A regular correspondent of Gay Byrne, she once appeared on The Late Late, and she featured on Joe Duffy's Christmas broadcast from Duke Street last year. But they sent a taxi, apparently, and drove her straight home afterwards. Oh, and she was the first person to suggest disposable coffins (during a call to Pat Kenny), as a result of which Keith Massey has given her a voucher for her own no-frills funeral.

All this seems perfectly plausible, as does her indifference to the city centre. Asked what she thinks of the Spire, she says "not much" and regrets they didn't rebuild the pillar and put Gay Byrne on it.
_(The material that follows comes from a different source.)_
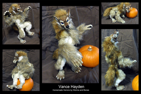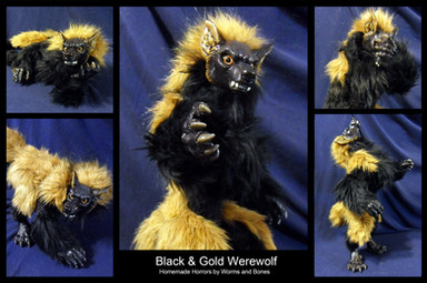 Yorrick himself (and his fabulous hat alas) are sold, but other werewolves, when we have 'em in stock will be $250, and we can make custom weres to your colour specifications for another $25 on top of that.

On the other hand, she's impressed by the rising docklands, even if they only confirm that the city's getting bigger "and I'm getting smaller". O'Connell Street looks "lovely" too.

But Dublin is for young people, she says, after a quick visit to the bookies in Moore St, where her selection in the 2.35 at Limerick can only finish second. There had been no time to see Temple Bar, but Gertie isn't complaining. "It's very nice, but it's not for me," she says of the city generally. "I won't be in again."